Unable to compile examples on adafruit circuitplayground bluefruit due to missing files in Adafruit_Tensorflow_Lite library

Question/Issue:

  • I am unable to compile the examples , hello_world_arcada and micro_speech_arcada , on the adafruit website found here on my Circuit playground bluefruit microcontroller

  • I installed the Adafruit_Tensorflow_Lite library in my arduino ide as mentioned in the site however it turns out that when compiling the examples they have numerous missing files. So i downloaded this tensorflow git hub repo and then transfered the missing files into the Adafruit_Tensorflow_Lite library.

  • I am now facing this error for the missing files : am_bsp.h,am_mcu_apollo.h, am_util.h , i cannot locate these files on the repo or on google [Note: i did find the am_bsp.h file in the sparkfun_edge_bsp repo, but it did not solve the error]

Can anyone let me know where i can find these files or a way to compile the code and download the bluefruit microcontroller ?

  • The error is shown in the pic below of the missing file am_bsp.h when using Arduino IDE to compile:
  • My code is shown below:
#include <TensorFlowLite.h>
#include "Adafruit_TFLite.h"
#include "Adafruit_Arcada.h"

#include "output_handler.h"
#include "sine_model_data.h"

// Create an area of memory to use for input, output, and intermediate arrays.
// Finding the minimum value for your model may require some trial and error.
const int kTensorAreaSize  (2 * 1024);

// This constant represents the range of x values our model was trained on,
// which is from 0 to (2 * Pi). We approximate Pi to avoid requiring additional
// libraries.
const float kXrange = 2.f * 3.14159265359f;

// Will need tuning for your chipset
const int kInferencesPerCycle = 200;
int inference_count = 0;

Adafruit_Arcada arcada;
Adafruit_TFLite ada_tflite(kTensorAreaSize);

// The name of this function is important for Arduino compatibility.
void setup() {
  Serial.begin(115200);
  //while (!Serial) yield();

  arcada.arcadaBegin();
  // If we are using TinyUSB we will have the filesystem show up!
  arcada.filesysBeginMSD();
  arcada.filesysListFiles();
  // Set the display to be on!
  arcada.displayBegin();
  arcada.setBacklight(255);
  arcada.display->fillScreen(ARCADA_BLUE);
  
  if (! ada_tflite.begin()) {
    arcada.haltBox("Failed to initialize TFLite");
    while (1) yield();
  }
  if (arcada.exists("model.tflite")) {
    arcada.infoBox("Loading model.tflite from disk!");
    if (! ada_tflite.loadModel(arcada.open("model.tflite"))) {
      arcada.haltBox("Failed to load model file");
    }
  } else if (! ada_tflite.loadModel(g_sine_model_data)) {
    arcada.haltBox("Failed to load default model");
  }
  Serial.println("\nOK");

  // Keep track of how many inferences we have performed.
  inference_count = 0;
}

// The name of this function is important for Arduino compatibility.
void loop() {
  // Calculate an x value to feed into the model.
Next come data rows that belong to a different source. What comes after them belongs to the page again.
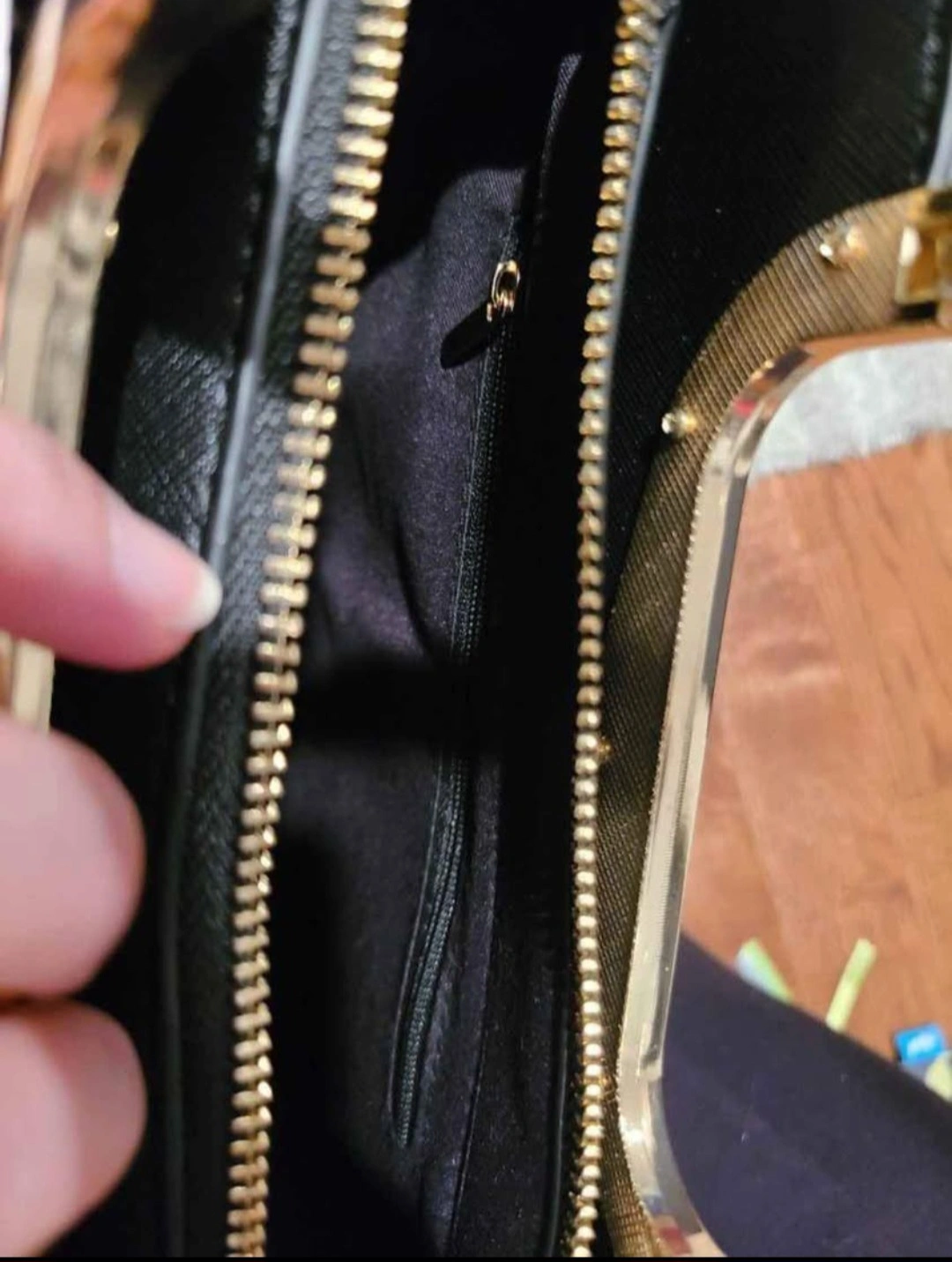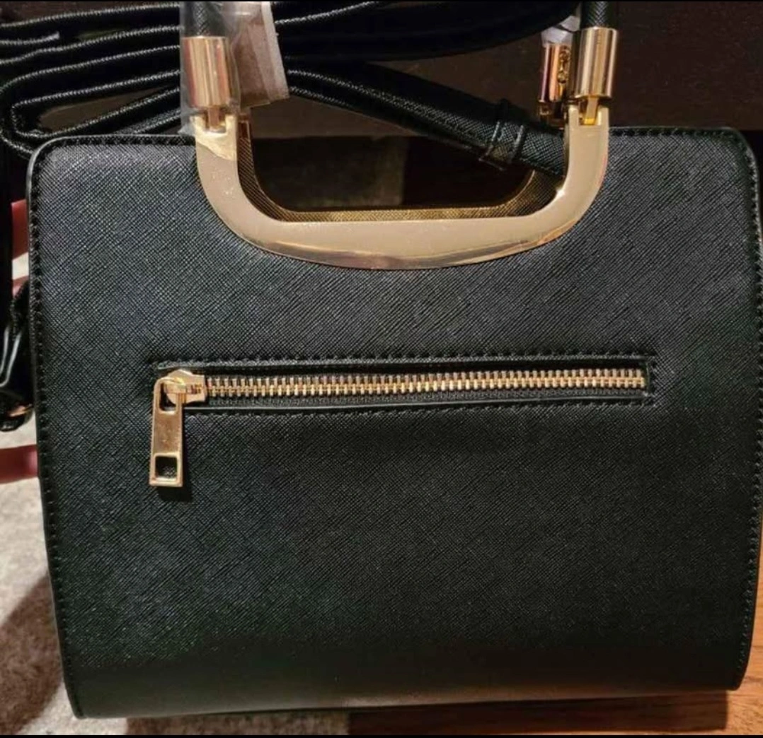Small black handbag. Gold-tone hardware. Top handle and removable shoulder strap. Zipper closure. Interior pocket. Protective plastic still on handle.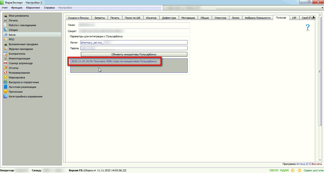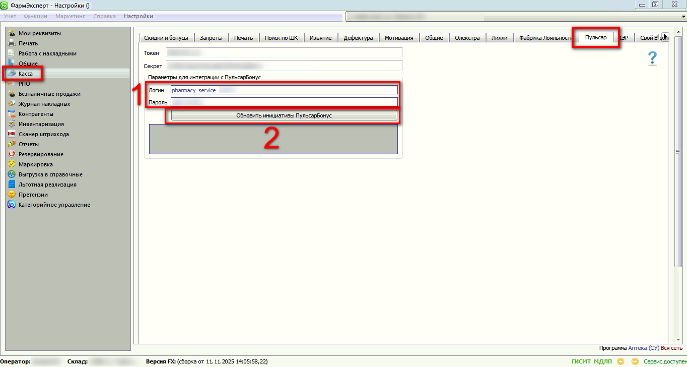 Для настройки откройте ФХ → Настройки → Касса → Пульсар, укажите логин и пароль (1) для доступа к интеграции и нажмите Обновить инициативы ПульсарБонус (2).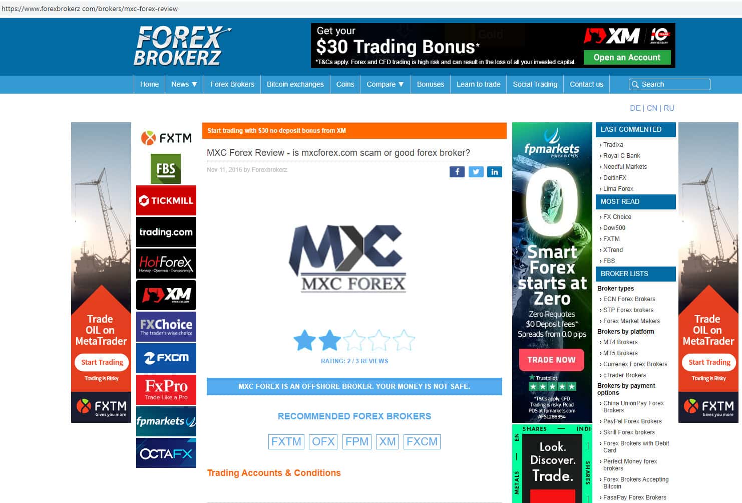 Обзор от forexbrokerz com на мошенническую кухню MXC Forex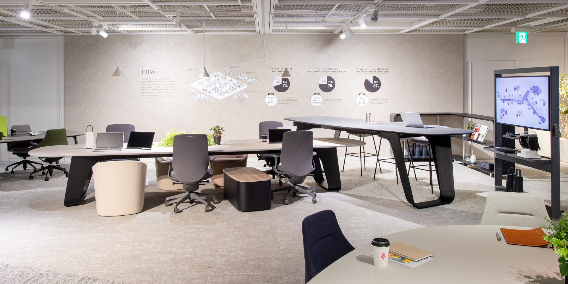 つながりを、はぐくむ。ワークアイルは人と人の距離や位置の関係性に着目し、快適な個人作業の場と、偶発的なコミュニケーションを生む場の両立を目指しました。個人作業を行いながら日常的に、ゆるやかに、人と人のつながりをはぐくみます。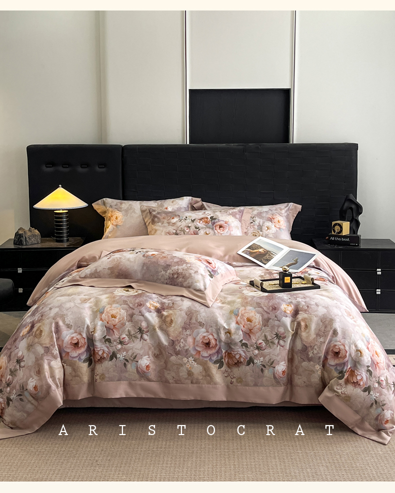 慕晨 2025新款65%莱赛尔32%棉全棉磨毛数码印花宽边高级简奢款中高端四件套直播热款 暄和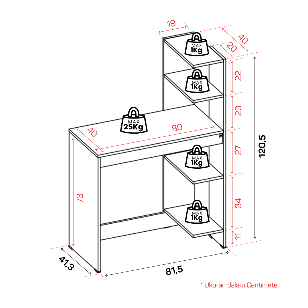 ✅ Bahan: Grade A hardwood particle board (kualitas terbaik) all PB15mm. ✅ Tipe furnitur: Meja kerja/belajar ✅ Panjang, lebar, & tinggi: 81,5 cm x 41,1 cm x 120,5 cm ✅ Laminasi: Paper. |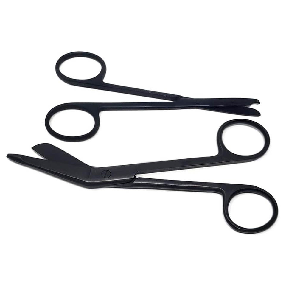 JACKBILLY 2 uds completo negro Acero inoxidable enfermera vendaje sutura puntada tijeras 5,5 \ "4,5 \" Manual de primeros auxilios con entrenamiento EMS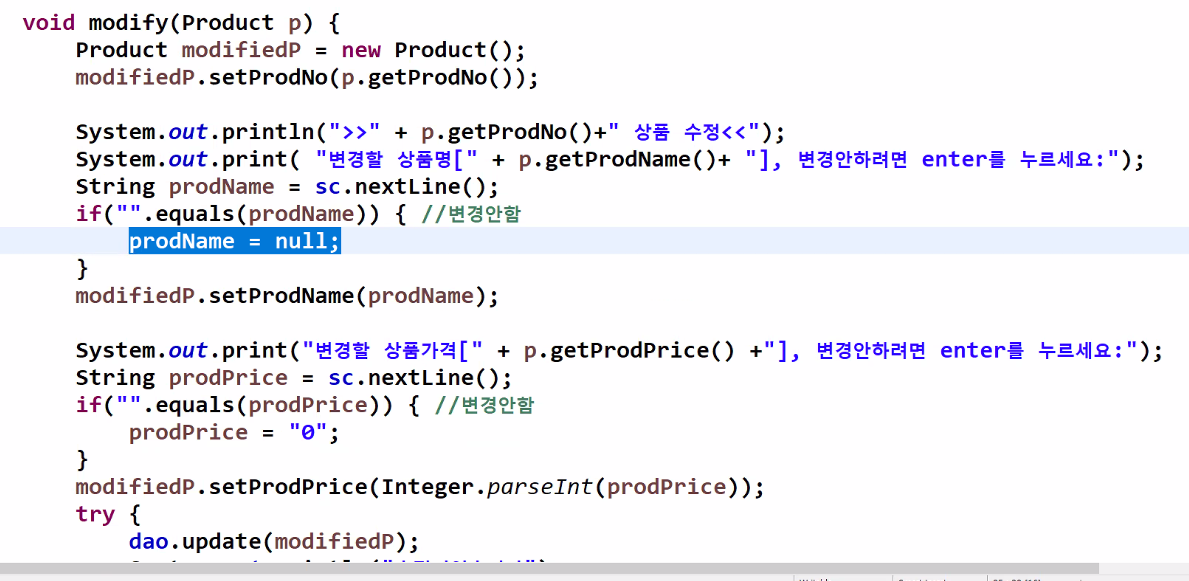 Product.java에서 → private int prodPrice; 말고 Integer prodPrice;로 사용하면 된다.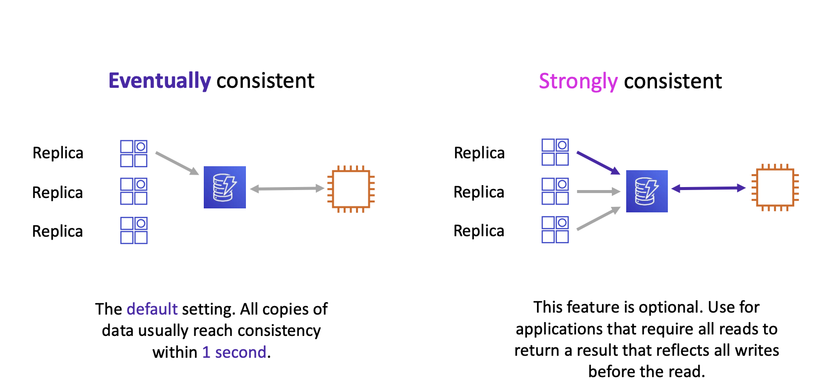 - DynamoDB는 기본적으로 이벤트 일관성을 제공합니다(일반적으로 쓰기 후 1초 후에 읽기에 대해 완전히 일관성 있음). 강력한 일관성 또한 옵션입니다.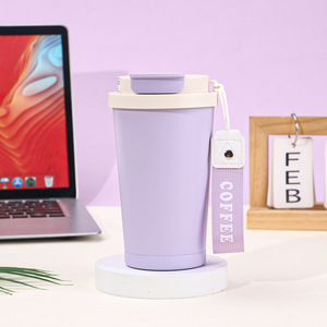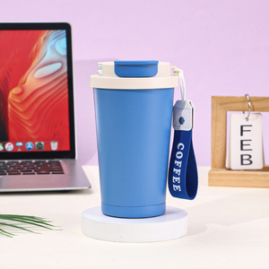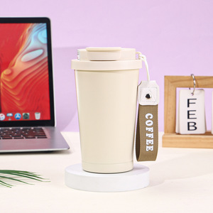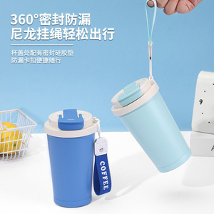 跨境高颜值咖啡杯316不锈钢内胆简约带提绳保温杯户外便携吸管杯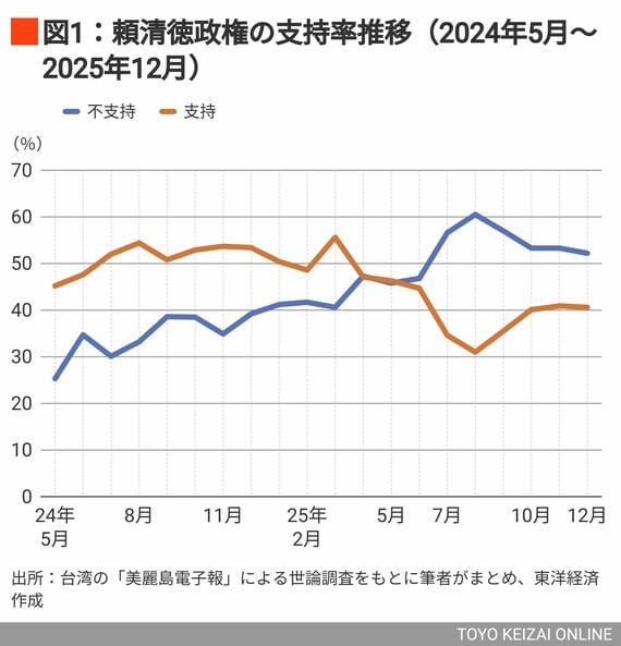 今後の台湾情勢を見通すにあたり、まず頼清徳政権の支持率を振り返りながら25年の台湾内政を回顧したい。台湾のネットメディア「美麗島電子報」の世論調査(図1)によると、頼総統の支持率は、24年5月の政権スタートから1年近くは50%前後、不支持は40%前後で推移していた。総統選挙での頼清徳の得票率が40%であったことからすると、この支持率は悪くない。

We compare the current
  // inference_count to the number of inferences per cycle to determine
  // our position within the range of possible x values the model was
  // trained on, and use this to calculate a value.
  float position = static_cast<float>(inference_count) /
                   static_cast<float>(kInferencesPerCycle);
  float x_val = position * kXrange;

  // Place our calculated x value in the model's input tensor
  ada_tflite.input->data.f[0] = x_val;

  // Run inference, and report any error
  TfLiteStatus invoke_status = ada_tflite.interpreter->Invoke();
  if (invoke_status != kTfLiteOk) {
    ada_tflite.error_reporter->Report("Invoke failed on x_val: %f\n",
                           static_cast<double>(x_val));
    return;
  }

  // Read the predicted y value from the model's output tensor
  float y_val = ada_tflite.output->data.f[0];

  // Output the results. A custom HandleOutput function can be implemented
  // for each supported hardware target.
  HandleOutput(ada_tflite.error_reporter, x_val, y_val);

  // Increment the inference_counter, and reset it if we have reached
  // the total number per cycle
  inference_count += 1;
  if (inference_count >= kInferencesPerCycle) inference_count = 0;
}

Hello @5ounceReaper,

I am not sure this error is related to Edge Impulse, could you check with Adafruit community instead for support?

Best,

Louis

Hi Louis,

I have posted this problem in the adafruit forums and the Adafruit Tensorflow Lite library github page , i have not received any response so far.